EXERCISE DATA »
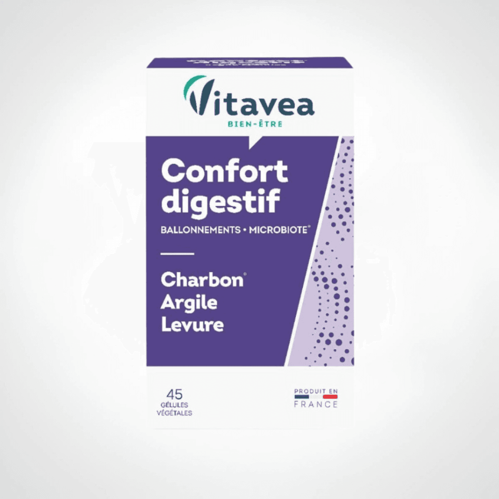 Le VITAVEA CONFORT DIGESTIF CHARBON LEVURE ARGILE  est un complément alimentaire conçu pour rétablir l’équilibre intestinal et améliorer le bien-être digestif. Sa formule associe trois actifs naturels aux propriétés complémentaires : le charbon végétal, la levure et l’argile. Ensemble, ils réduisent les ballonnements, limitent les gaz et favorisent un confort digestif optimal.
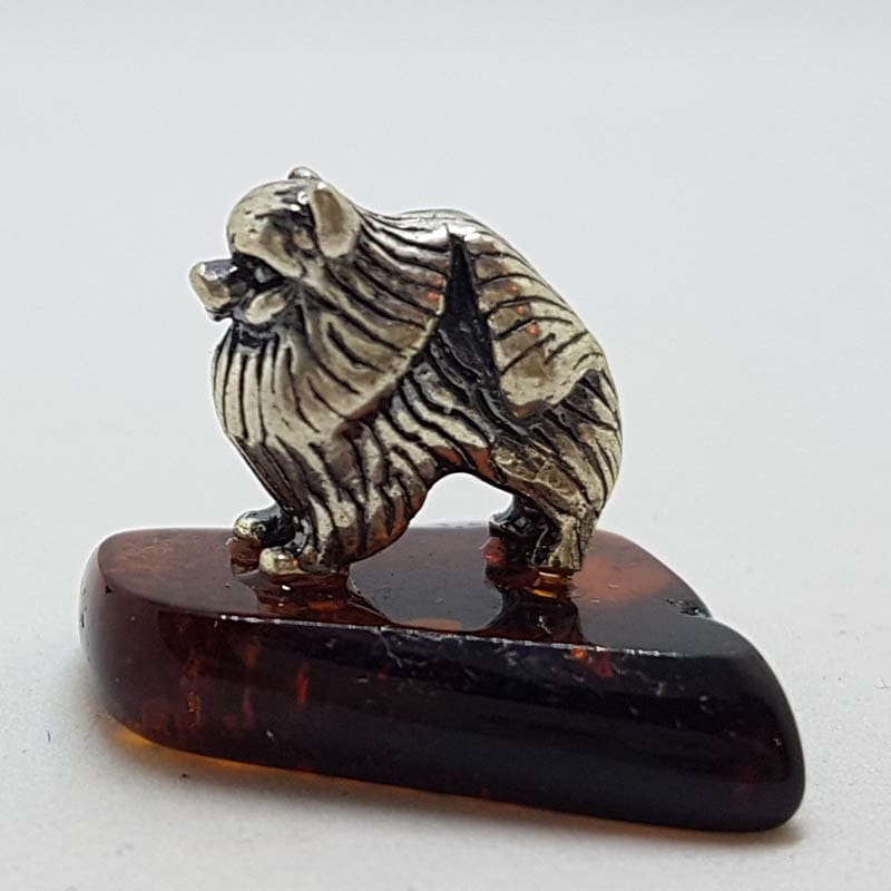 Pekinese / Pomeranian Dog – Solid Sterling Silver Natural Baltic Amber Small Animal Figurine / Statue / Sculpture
==
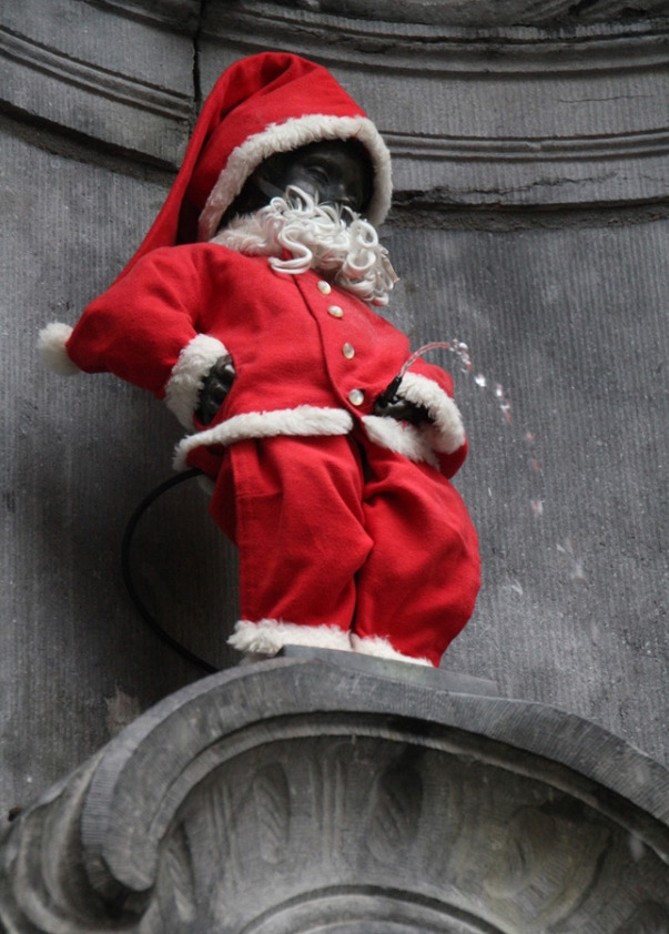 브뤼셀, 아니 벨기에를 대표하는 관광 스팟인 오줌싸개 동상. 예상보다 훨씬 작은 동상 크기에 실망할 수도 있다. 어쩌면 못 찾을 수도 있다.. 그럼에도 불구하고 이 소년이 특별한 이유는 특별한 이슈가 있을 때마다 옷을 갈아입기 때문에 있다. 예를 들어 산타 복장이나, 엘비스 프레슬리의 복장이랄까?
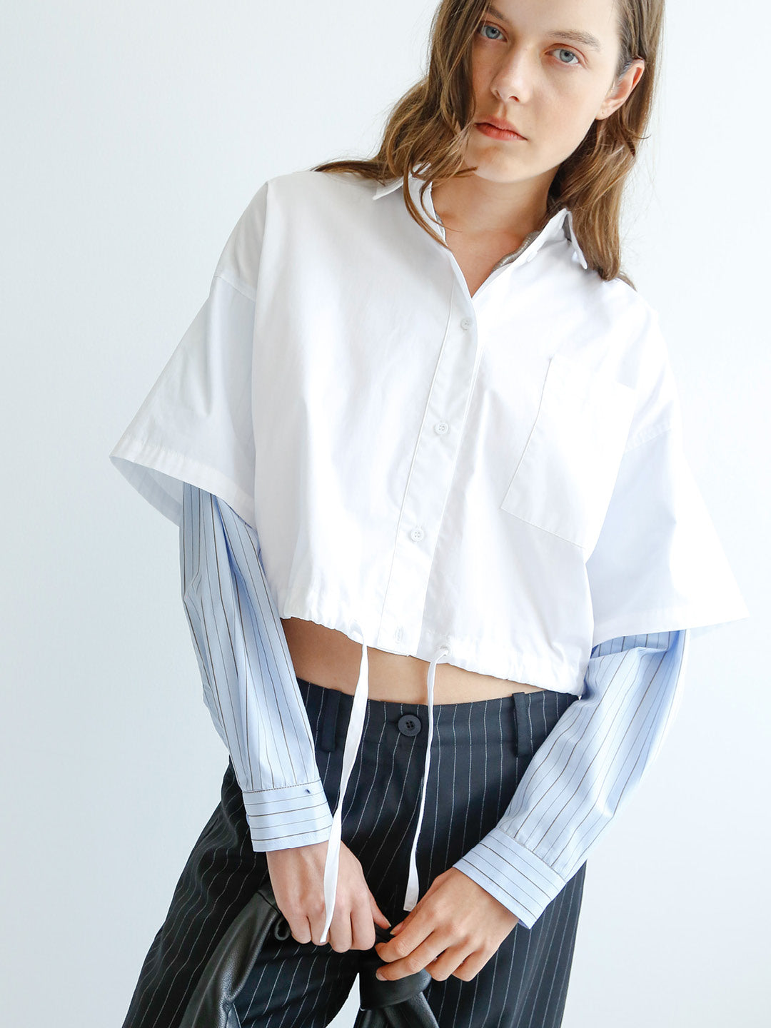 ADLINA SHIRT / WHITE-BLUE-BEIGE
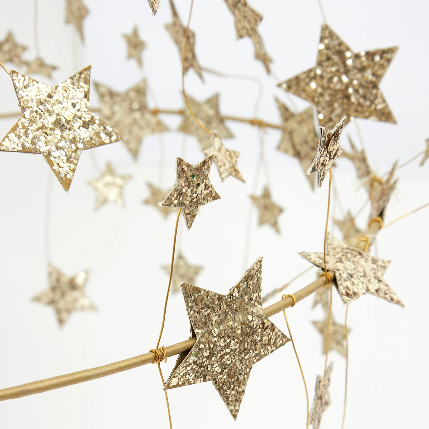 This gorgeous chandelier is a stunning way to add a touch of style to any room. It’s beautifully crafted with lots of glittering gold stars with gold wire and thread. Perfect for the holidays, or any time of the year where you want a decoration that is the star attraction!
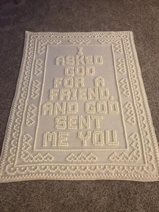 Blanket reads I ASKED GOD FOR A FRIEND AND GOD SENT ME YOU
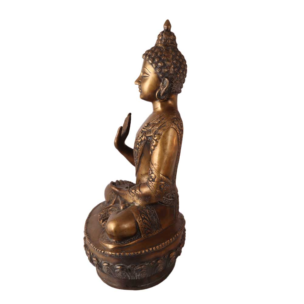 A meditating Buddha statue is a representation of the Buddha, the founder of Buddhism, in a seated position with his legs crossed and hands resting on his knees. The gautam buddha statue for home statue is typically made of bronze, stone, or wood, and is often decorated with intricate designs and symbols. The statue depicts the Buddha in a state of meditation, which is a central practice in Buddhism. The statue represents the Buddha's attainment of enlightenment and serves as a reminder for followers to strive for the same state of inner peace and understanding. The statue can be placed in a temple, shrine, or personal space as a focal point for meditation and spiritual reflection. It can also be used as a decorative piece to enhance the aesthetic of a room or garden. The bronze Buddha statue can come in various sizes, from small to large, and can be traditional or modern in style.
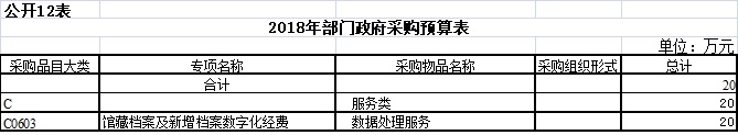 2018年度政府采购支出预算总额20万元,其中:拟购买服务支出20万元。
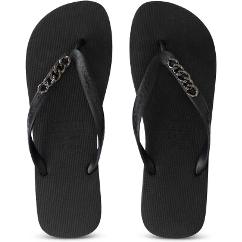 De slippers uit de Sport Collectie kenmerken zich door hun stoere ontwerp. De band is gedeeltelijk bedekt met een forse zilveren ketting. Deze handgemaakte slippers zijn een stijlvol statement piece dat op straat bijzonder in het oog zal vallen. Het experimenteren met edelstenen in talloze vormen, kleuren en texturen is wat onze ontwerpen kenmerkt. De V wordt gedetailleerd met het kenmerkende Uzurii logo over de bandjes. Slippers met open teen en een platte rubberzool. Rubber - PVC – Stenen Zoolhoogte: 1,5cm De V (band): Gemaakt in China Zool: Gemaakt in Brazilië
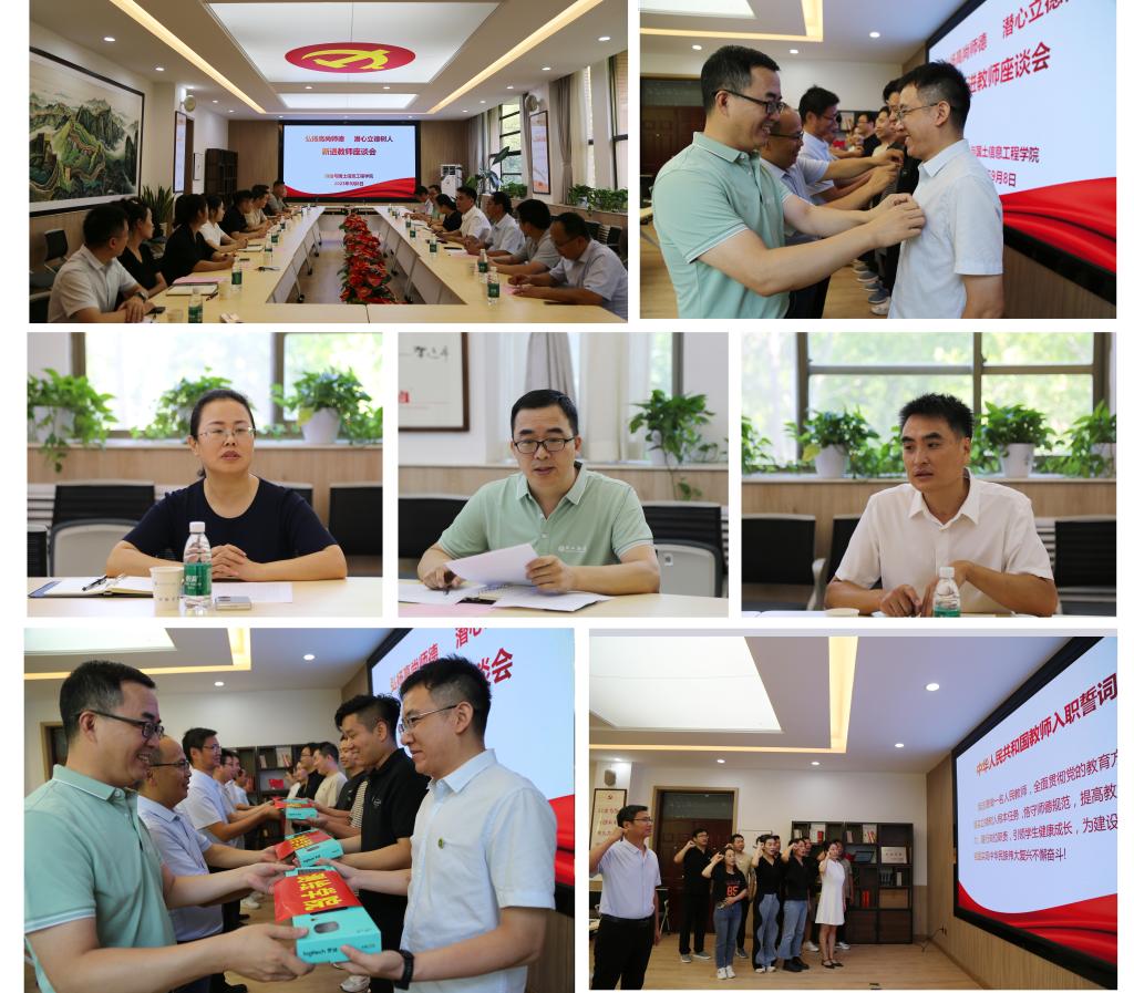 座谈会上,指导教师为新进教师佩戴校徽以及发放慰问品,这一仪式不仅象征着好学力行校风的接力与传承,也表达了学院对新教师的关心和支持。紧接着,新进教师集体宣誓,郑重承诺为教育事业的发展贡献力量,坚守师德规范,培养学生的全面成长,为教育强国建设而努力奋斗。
...
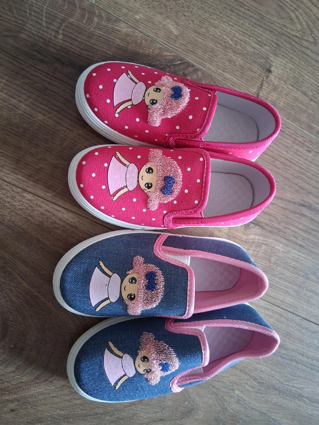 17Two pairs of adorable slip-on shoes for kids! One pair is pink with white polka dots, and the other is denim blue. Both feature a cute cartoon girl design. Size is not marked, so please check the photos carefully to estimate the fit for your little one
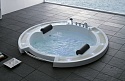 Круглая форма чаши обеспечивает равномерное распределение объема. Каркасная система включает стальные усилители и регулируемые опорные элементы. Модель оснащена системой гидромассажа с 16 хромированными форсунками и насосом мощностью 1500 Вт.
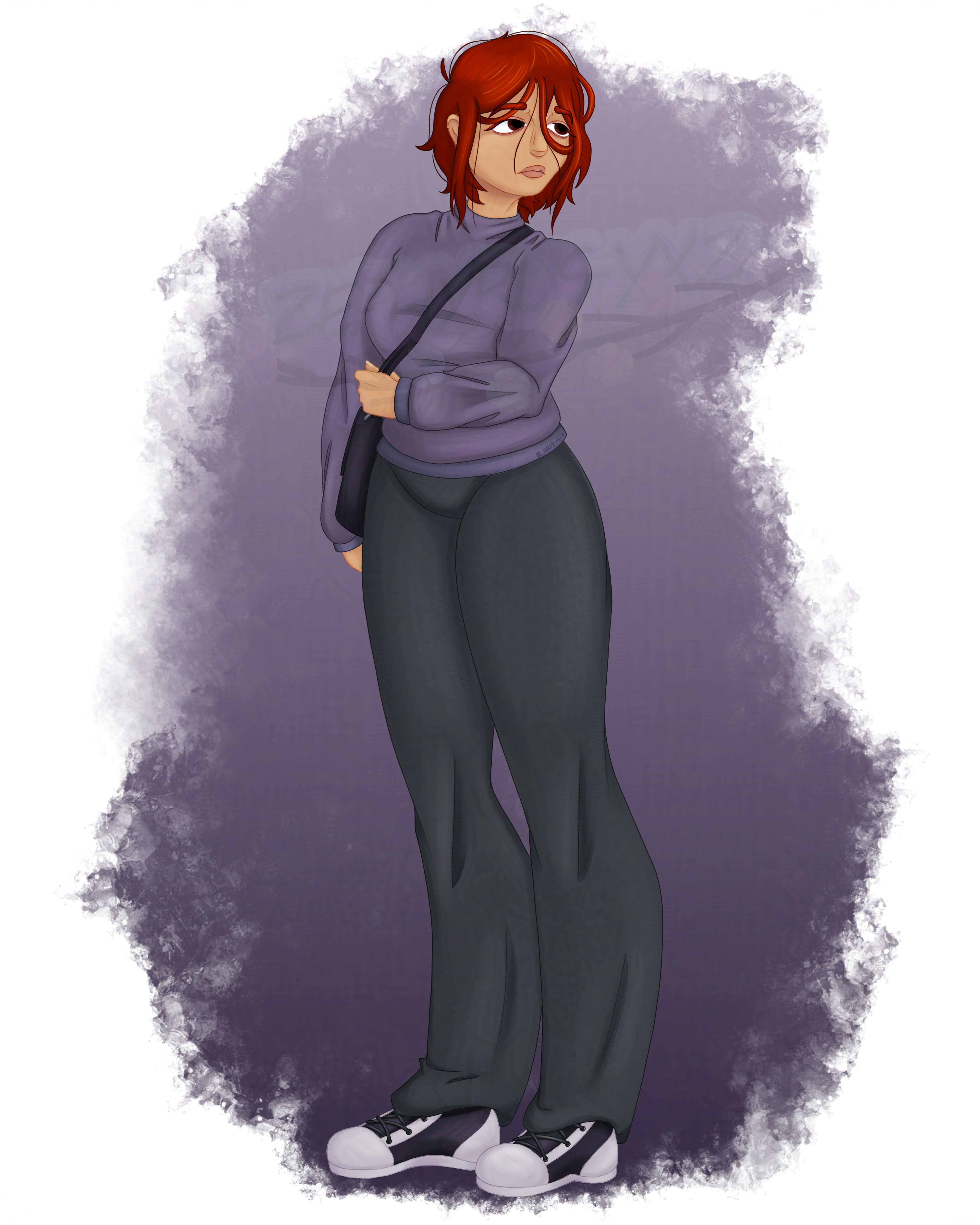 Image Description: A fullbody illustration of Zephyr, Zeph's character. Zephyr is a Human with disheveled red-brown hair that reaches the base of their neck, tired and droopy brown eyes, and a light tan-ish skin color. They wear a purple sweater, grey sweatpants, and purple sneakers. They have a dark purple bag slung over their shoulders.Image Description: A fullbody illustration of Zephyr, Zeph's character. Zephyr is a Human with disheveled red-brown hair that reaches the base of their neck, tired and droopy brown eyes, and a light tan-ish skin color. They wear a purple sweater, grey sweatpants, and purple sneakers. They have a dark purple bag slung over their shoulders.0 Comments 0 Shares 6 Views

EXERCISE PROMPT »
When copying from the data above, begin at the line containing "ADLINA SHIRT / WHITE-BLUE-BEIGE" and end at the line containing "2018年度政府采购支出预算总额20万元,其中:拟购买服务支出20万元。"; return those lines exactly and leave all pictures behind.

RESULT OF THIS TASK »
 ADLINA SHIRT / WHITE-BLUE-BEIGE
 This gorgeous chandelier is a stunning way to add a touch of style to any room. It’s beautifully crafted with lots of glittering gold stars with gold wire and thread. Perfect for the holidays, or any time of the year where you want a decoration that is the star attraction!
 Blanket reads I ASKED GOD FOR A FRIEND AND GOD SENT ME YOU
 A meditating Buddha statue is a representation of the Buddha, the founder of Buddhism, in a seated position with his legs crossed and hands resting on his knees. The gautam buddha statue for home statue is typically made of bronze, stone, or wood, and is often decorated with intricate designs and symbols. The statue depicts the Buddha in a state of meditation, which is a central practice in Buddhism. The statue represents the Buddha's attainment of enlightenment and serves as a reminder for followers to strive for the same state of inner peace and understanding. The statue can be placed in a temple, shrine, or personal space as a focal point for meditation and spiritual reflection. It can also be used as a decorative piece to enhance the aesthetic of a room or garden. The bronze Buddha statue can come in various sizes, from small to large, and can be traditional or modern in style.
 2018年度政府采购支出预算总额20万元,其中:拟购买服务支出20万元。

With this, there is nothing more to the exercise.